Quand Sulin était furieuse, sa balafre devenait aussi blanche que ses cheveux, ressortant davantage sur sa peau hâlée. Elle dévisagea Rand, puis capitula avec une mauvaise grâce éclatante. De sa main libre, elle dessina quelques signes secrets, et l’assemblée cria de nouveau lorsque toutes les Promises se voilèrent. Presque de quoi rire… Les huit hommes en veste noire auraient eu le temps de tuer tout ce petit monde avant que la première Promise ait fait mouche avec une lance. Cela dit, nul ne savait qui étaient les hommes en noir, ni ce qu’ils faisaient ici. Personne n’osait les fixer, cependant – pensez, des hommes armés, dans ce sanctuaire.

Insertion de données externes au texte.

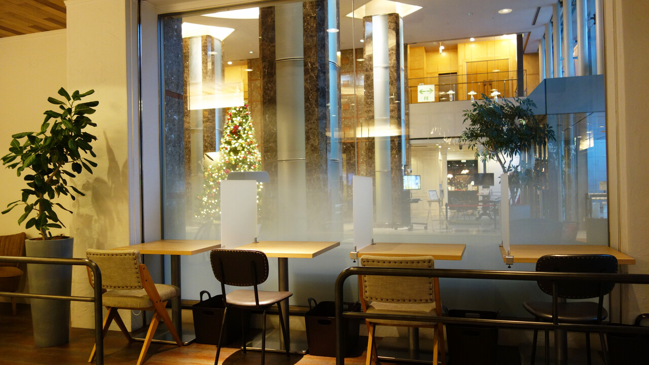 コロナ対策用の透明アクリル板が中央に設置してあるテーブル席をグループで利用しました。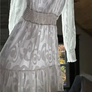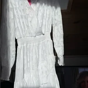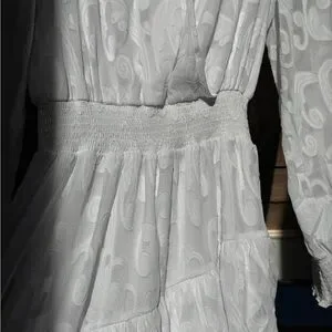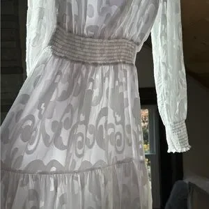 Chic long sleeve dress in resort white. Features a subtle swirl clip pattern.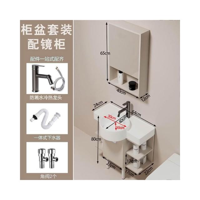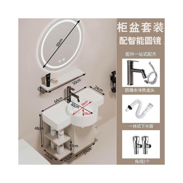 森嶼家居 小戶型奶油風掛牆式 陶瓷洗手盆櫃組合落地式實木浴室櫃 馬桶洗臉盆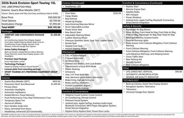All rebates to dealer. All prior sales excluded. In stock units only. Pricing and information are subject to dealer verification for accuracy. Special APR offers are based on approved tier 1 credit through GM Financial. Leases include 10K miles per year with $0.25 per mile over penalty. Purchase payment based on tier credit through preferred lender. Lease payment based on approved tier 1 credit through GM Financial. Payment includes title, registration and bank fees. Payment excludes tax and document fee. Price excludes tax, title, registration and document fee. No security deposit required. $395 disposition fee for GM Financial. Residency restrictions may apply. While we make every effort to prevent pricing errors, key stroke and human errors do occur. Please contact dealer at 740-474-3138 for more information. Factory MSRP: $49,195 Price includes: $500 - Buick GMC Bonus Cash. Exp. 04/30/2026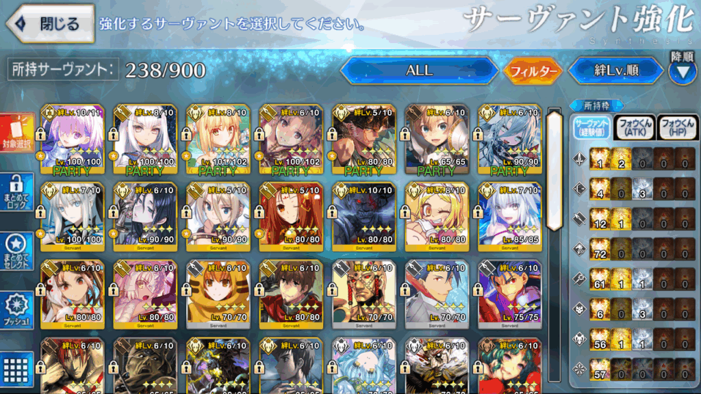 現在の絆仕上がり具合。マシュとランサー、バーサーカーをピックアップしてみました。グランドは宝具1でも戦えそうなのでそこは基準から外してもよさそうかなと。次回からは絆も大事だけど目標をマスターレベルで設定しようと思っています。年末にはLV170くらいまでいけるといいな。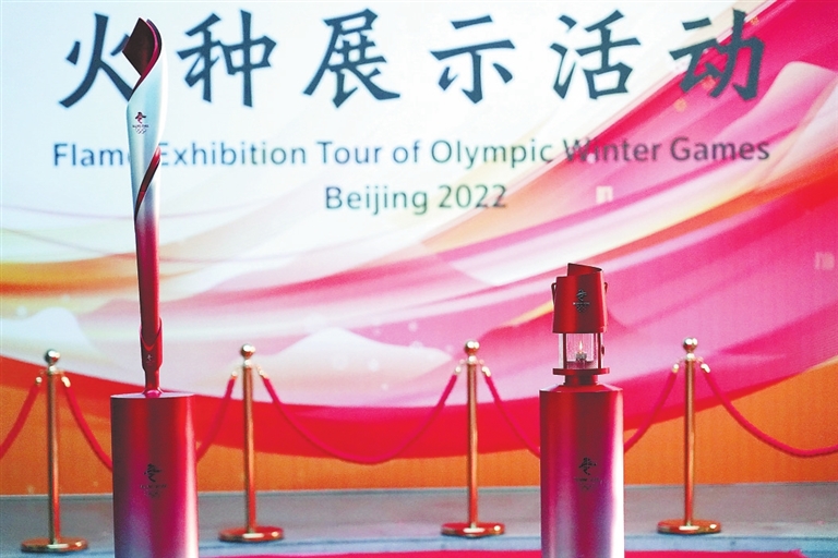 这是12月13日在展示活动中拍摄的北京冬奥会火种灯和北京冬奥会火炬。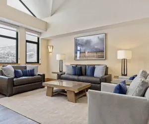 Located at the base of the renowned Steamboat Ski Area, the Steamboat Grand offers an unmatched level of service and sophistication in one of America’s most beloved year-round mountain destinations. Penthouse 704 is a sprawling two-story retreat, encompassing 3,935 square feet of refined luxury, ideal for groups or families of up to 14 guests.This magnificent penthouse boasts five well-appointed bedrooms and five bathrooms. Three of the bedrooms feature plush king-sized beds, while the fourth offers two full-sized beds. The fifth bedroom is perfect for younger guests with two sets of bunk beds. For additional flexibility, the living room includes a queen pull-out sofa sleeper.Every detail of Penthouse 704 reflects mountain elegance, from gas fireplaces and tumbled slate accents to granite countertops and vanities. The interiors are adorned with plush carpeting, a combination of slate and hardwood flooring, and tasteful mountain furnishings. Guests will appreciate the spacious galley kitchen, formal dining area, walk-in closets, and indulgent whirlpool tubs.Exclusive to this penthouse is a private sauna, perfect for unwinding after a day of adventure. With the convenience of an in-unit washer and dryer and the privacy of five bathrooms, Penthouse 704 ensures a seamless and luxurious stay.Experience the perfect blend of comfort and grandeur, complemented by the world-class amenities of the Steamboat Grand, for an unforgettable mountain getaway.The Steamboat Grand Pool and Hot Tubs will be closed for routine maintenance starting Sunday, April 27, 2025, and reopening on Monday, May 12, 2025.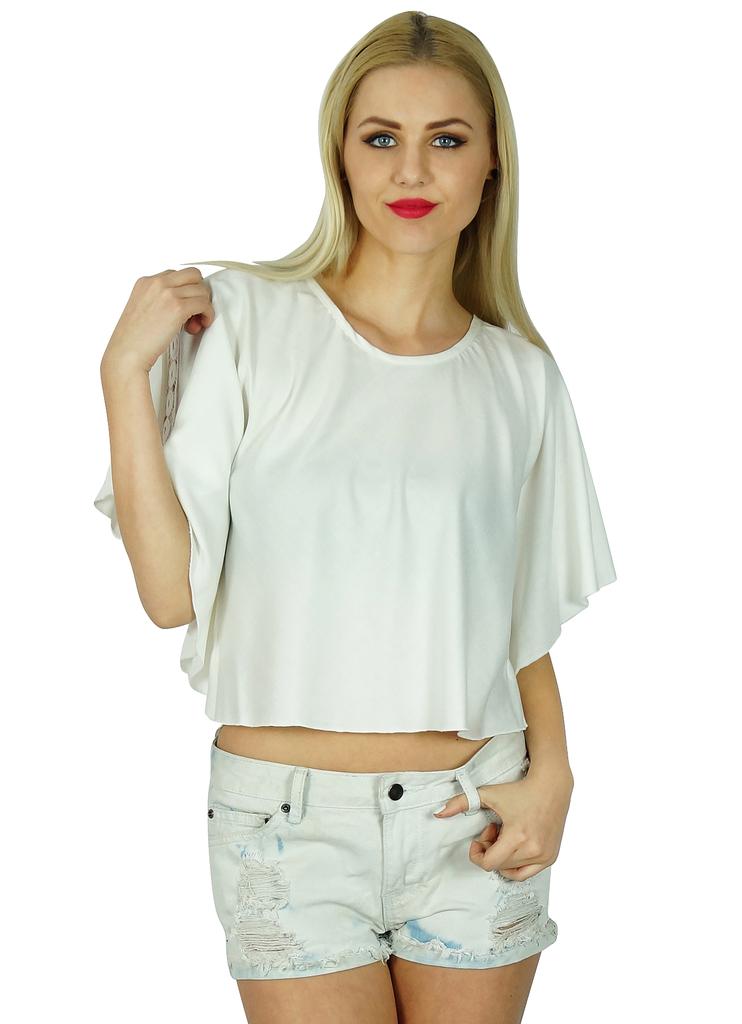 Это укороченный топ из вискозы белого цвета с рукавами-кимоно.. Сплошной рисунок топа и круглый вырез делают укороченный топ изящным нарядом, который можно сочетать как с нашими джинсами, так и с вашими шортами.. Возьмите этот укороченный топ Bimba и сочетайте его со своими модными аксессуарами.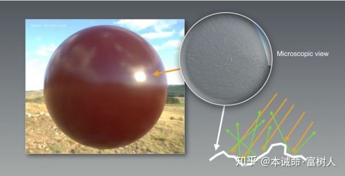 粗糙度贴图采样得来的粗糙度数值会影响一个表面的微平面统计学上的取向度。一个比较粗糙的表面会得到更宽阔更模糊的镜面反射(高光),而一个比较光滑的表面则会得到集中而清晰的镜面反射。
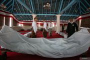 Abdi dalem Keraton Kasunanan Surakarta menaruh gamelan Sekaten Kyai Guntur Madu dan Kyai Guntur Sari di Bangsal Pradangga Masjid Agung, Solo, Jawa Tengah, Senin (9/9/2024). Kedua gamelan pusaka Keraton tersebut akan ditabuh selama tujuh hari berturut-turut sebagai tanda dimulainya tradisi Sekaten atau peringatan Maulid Nabi Muhammad SAW dalam sejarah penyebaran agama Islam di Pulau Jawa oleh Wali Songo. ANTARA FOTO/Mohammad Ayudha/foc.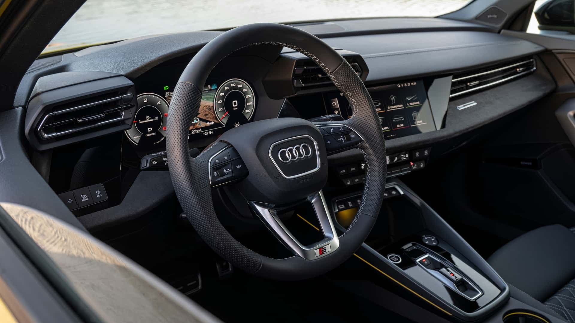 В плане дизайна салон не изменился, сохранилась цифровая приборная панель с экраном диагональю 12,3 дюйма и медиасистема с сенсорным дисплеем диагональю 10,1 дюйма. Миниатюрный рычаг переключения передач стал еще меньше, у дверных карт новая обивка, палитра атмосферной подсветки расширена до 30 цветов.

Les Promises et Rand inquiétaient un peu moins.

Ces imbéciles n’avaient-ils pas remarqué qu’aucun de ces types ne transpirait plus que le Dragon Réincarné – à savoir, ne versait pas une goutte de sueur ?

Baignant dans la sienne, Perrin avait l’impression de fondre.

Min toujours à ses côtés, Rand dépassa les Promises puis s’immobilisa tandis que Perrin, puis Dobraine et Havien le rejoignaient. Sans oublier Aram, bien sûr, qui ne quittait jamais son seigneur.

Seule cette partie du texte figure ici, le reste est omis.